\section{Introduction}
\label{sec:intro}
In safety-critical machine learning applications, accurately quantifying confidence and uncertainty in decision outcomes becomes imperative for regulatory and trust reasons \citep{uncertaintyinhc, disentanglinguncertainties}.  Uncertainties that such systems face can stem from limited data availability (epistemic) or originate from inherent environmental randomness (aleatoric). Uncertainty quantification is particularly relevant and challenging in reinforcement learning (RL) systems as uncertainty in decisions' outcomes compounds in sequential decision-making.
%The task of disentangling these uncertainties gains importance in real-world scenarios that are either discrete state in nature or arise where continuous environmental variables are clustered into a finite number of discrete states \citep{aiclinician, discretisation}. In such cases, a coarse representation of the environment can introduce aleatoric uncertainty due to information lost in compressing an environment into a finite number of states.


We utilise inference schemes from classic Bayesian RL to account for epistemic uncertainty, with an exact-inference Bayesian dynamics model that assigns posterior probabilities to environments \cite{bamdp}.
Aleatoric uncertainty is addressed by exploiting the analytic solutions to the linear equations for higher return distribution moments \citep{sobel}.
Our contribution on the uncertainty quantification side is combining these two ingredients to determine overall aleatoric and epistemic standard deviations.
We consider the computation and accuracy tradeoff of our method with prior work that does not exploit the tractability of finite-state MDPs.

On the control under uncertainty side, we propose a novel stochastic gradient-based method for policy optimisation that accounts for model dynamics uncertainty by optimising a policy for value under the environment posterior.
In contrast to previous methods \citep{robustmdppercentile}, we do not rely on strong assumptions about the posterior distribution.
We empirically demonstrate its performance and scalability, providing results on gridworlds and synthetic MDPs with varying offline dataset sizes, where we observe benefits in MDPs with higher uncertainty and lower data.

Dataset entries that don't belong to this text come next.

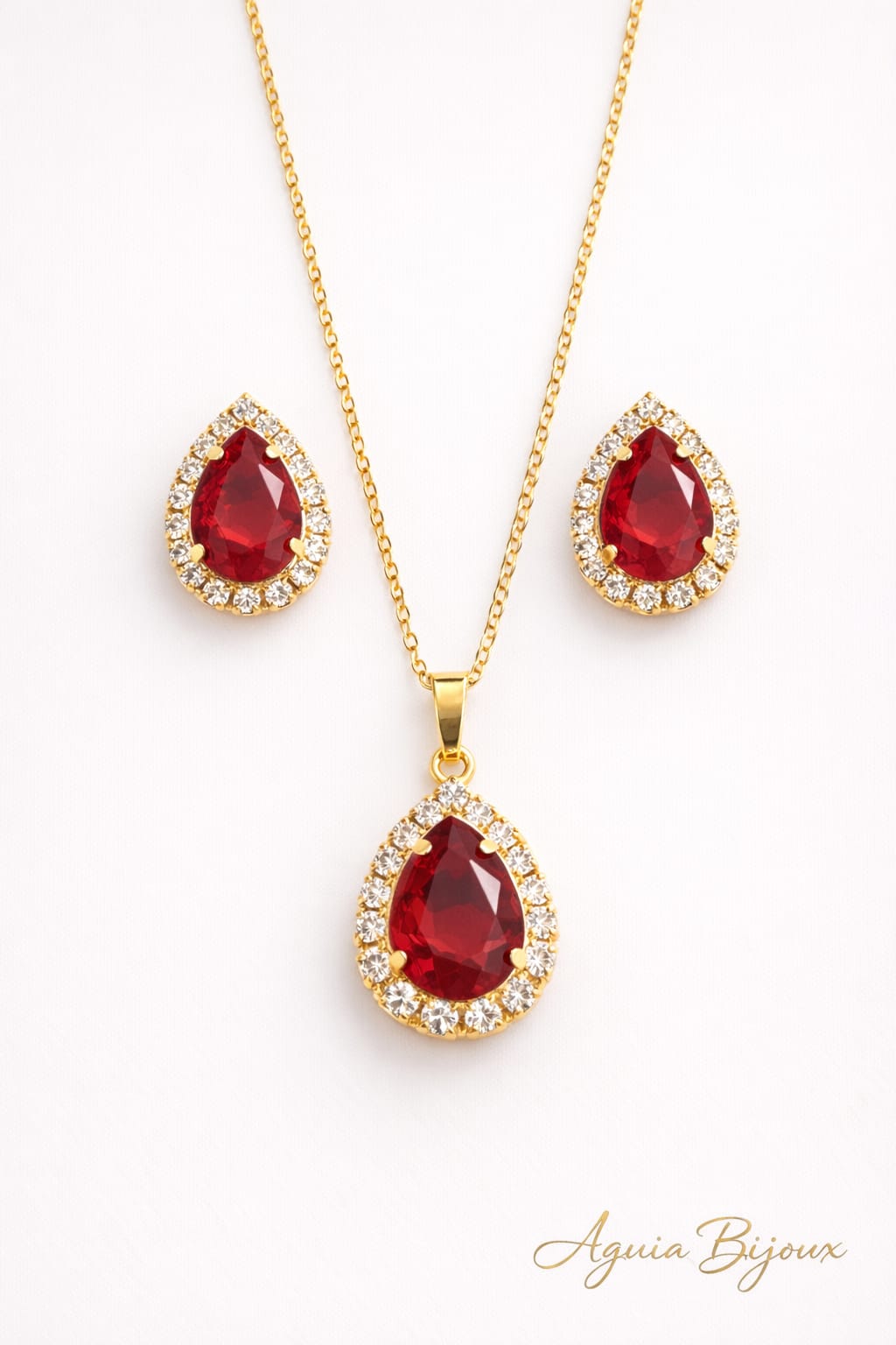 Conjunto folheado composto por colar e brinco, com pingente em formato de gota e pedra central lapidada com contorno cravejado em strass, proporcionando brilho intenso e acabamento sofisticado. Disponível em diversas cores, é uma peça elegante e versátil, ideal para ocasiões especiais ou para valorizar produções mais refinadas.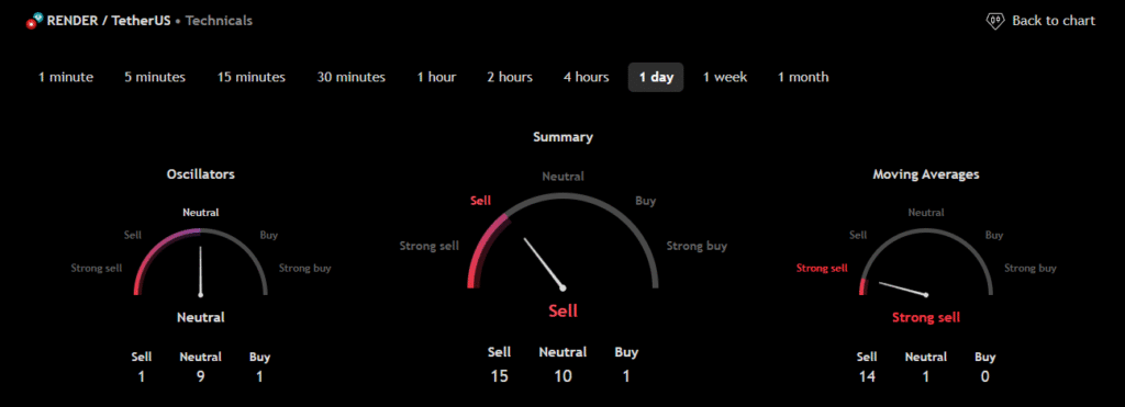 The technical analysis indicators such as Relative Volume (RVOL), Moving Average (MA), and Relative Strength Index (RSI) of Render (RENDER) are shown in the chart below.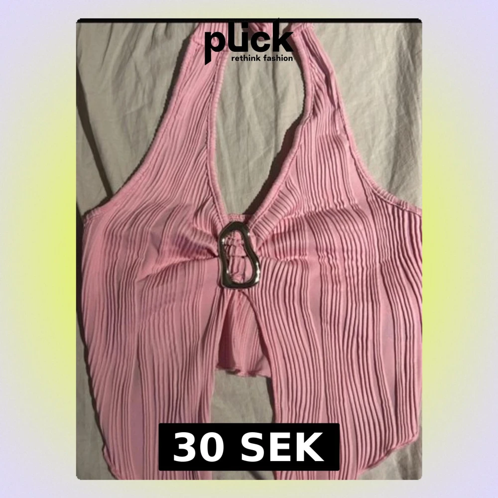 Ljusrosa ribbad halterneck-topp med öppen front och dekorativ metallring i mitten ger en snygg och edgy vibe. Croppad modell som framhäver midjan och passar perfekt till höga jeans eller kjol. En riktig statement-topp för fest eller sommarkvällar.(ifrån shein)
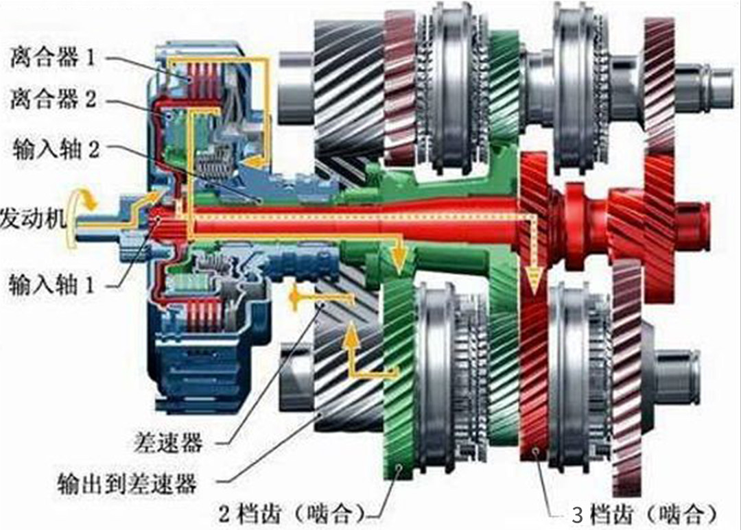其实双离合的结构并不是多么的高科技,区别于CVT(钢带传动)以及AT(液力传动),双离合是通过两个离合器,一个控制1、3、5档,一个控制2、4、6档。使用一档的时候二档已经准备好了,以此达到极快的换档速度的机械传动变速器。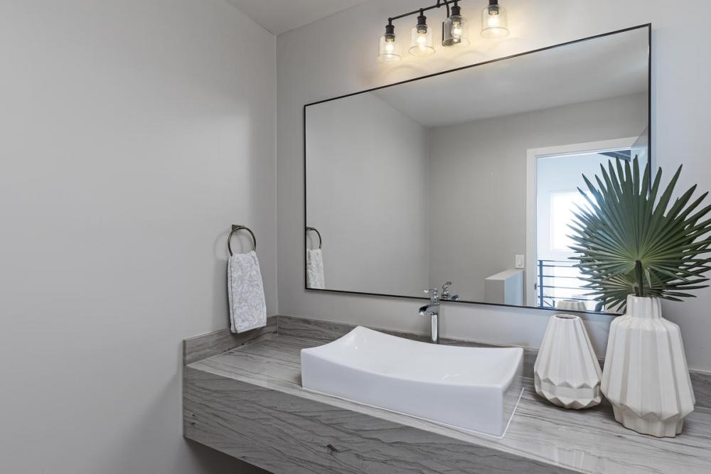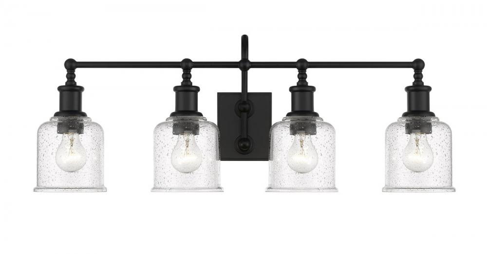 Village-inspired charm borrows from a nautical theme to create an inspiring look for traditional and transitional bath spaces in this four-light vanity from the Bryant collection. With a bold matte black finish steel frame and wall mount, its romantic clear seedy glass shades offer tasteful contrasts. A curved arm, ornate holders, and lipped shades generate extra charm that stylize a custom bath space.

Finally, our methods finds application in clinical decision support systems (CDSS), which leverage vast patient datasets to train RL algorithms for treatment suggestions \citep{guidelinesforrl, luchen}. We analyse a setup used for sepsis treatment \citep{aiclinician}, where patients' condition and treatment options were clustered into finite states and actions, originally tackled by applying dynamic programming methods that assume known environments \citep{bellman1957}.
The methods presented enhance this approach with uncertainty quantification and uncertainty-aware control.
We investigate the scalability of our methods in such practical environments and investigate the difference in expected posterior value between ours and the original policy optimisation method proposed.
For this analysis, we included pessimism in the face of uncertainty, a common and necessary ingredient in offline RL \citep{morel, mopo, diversifiedqensemble} especially when the dataset does not adequately span the full state-action space \citep{optimistic}, in the form of a conservative dynamics model.